The coefficients of the MLP, in a list (Theta1 between input and hidden layers, Theta2 between hidden and output layers)

References

M.W Gardner, S.R Dorling, Artificial neural networks (the multilayer perceptron)- a review of applications in the atmospheric sciences, Atmospheric Environment, Volume 32, Issues 14-15, 1 August 1998, Pages 2627-2636, ISSN 1352-2310, doi: 10.1016/S1352-2310(97)00447-0 [http://www.sciencedirect.com/science/article/pii/S1352231097004470]

Jain, A.K.; Jianchang Mao; Mohiuddin, K.M., "Artificial neural networks: a tutorial," Computer , vol.29, no.3, pp.31,44, Mar 1996. doi: 10.1109/2.485891 [http://ieeexplore.ieee.org/stamp/stamp.jsp?tp=&arnumber=485891&isnumber=10412]

Rumelhart, David E., Geoffrey E. Hinton, and R. J. Williams. "Learning Internal Representations by Error Propagation". David E. Rumelhart, James L. McClelland, and the PDP research group (editors). Parallel distributed processing: Explorations in the microstructure of cognition, Volume 1: Foundations.

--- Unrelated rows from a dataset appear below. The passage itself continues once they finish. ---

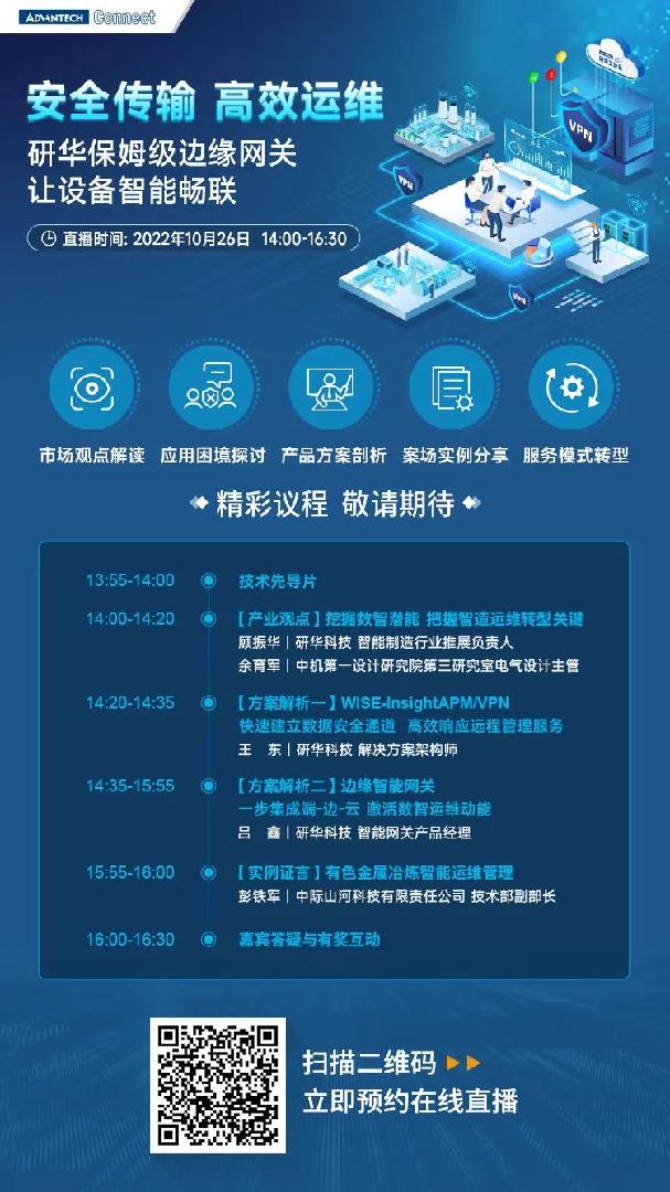 為了進(jìn)一步解決當(dāng)前因場(chǎng)域分散、網(wǎng)域限制、網(wǎng)絡(luò)安全、成本攀升等引發(fā)的數(shù)據(jù)安全、集中遠(yuǎn)程運(yùn)維等問(wèn)題與訴求,10月26日下午14:00研華科技攜手集成商及產(chǎn)業(yè)用戶伙伴舉辦以【安全傳輸 高效運(yùn)維——研華保姆級(jí)邊緣網(wǎng)關(guān) 讓設(shè)備智能暢聯(lián)】為主題的在線直播活動(dòng)。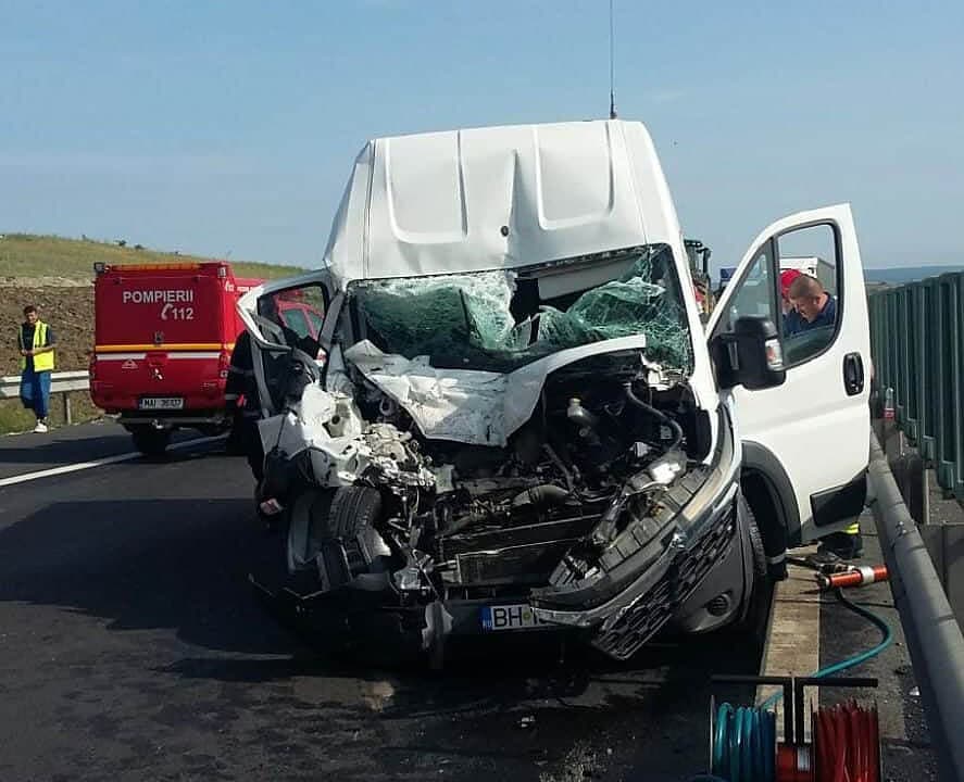 Se pare că șoferul unui microbuz transport marfă a intrat în coliziune față - spate cu un autocamion condus regulamentar și apoi cu glisiera mediană. Șoferul vinovat are 21 de ani, jud. Iași. Din primele cercetări, ar fi adormit la volan. Fără victime. Trafic alternativ.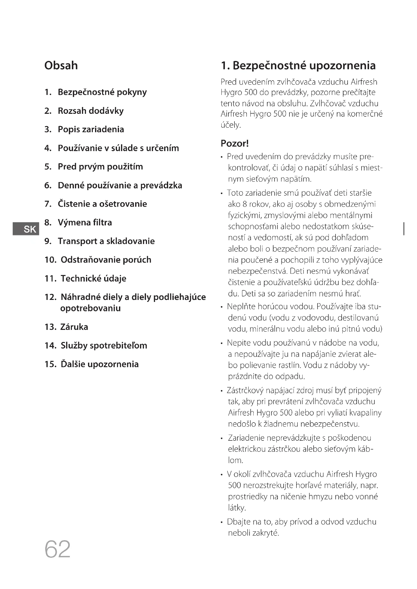 Pred uvedením zvlhčovača vzduchu Airfresh Hygro 500 do prevádzky, pozorne prečítajte tento návod na obsluhu. Zvlhčovač vzduchu Airfresh Hygro 500 nie je určený na komerčné účely. Pozor!

MIT Press, 1986.

Examples

# NB: the provided examples are just here to help use the package's functions.
# In real use cases you should perform a proper validation (cross-validation,
# external validation data...)
data(UCI.BCD.Wisconsin);
X=as.matrix(sN.normalizeDF(as.data.frame(UCI.BCD.Wisconsin[,3:32])));
y=as.matrix(UCI.BCD.Wisconsin[,2]);
myMLP=sN.MLPtrain(X=X,y=y,hidden_layer_size=20,it=50,lambda=0.5,alpha=0.5);
myPrediction=sN.MLPpredict(nnModel=myMLP,X=X,raw=TRUE);
#library('verification');
#roc.area(y,myPrediction[,2]);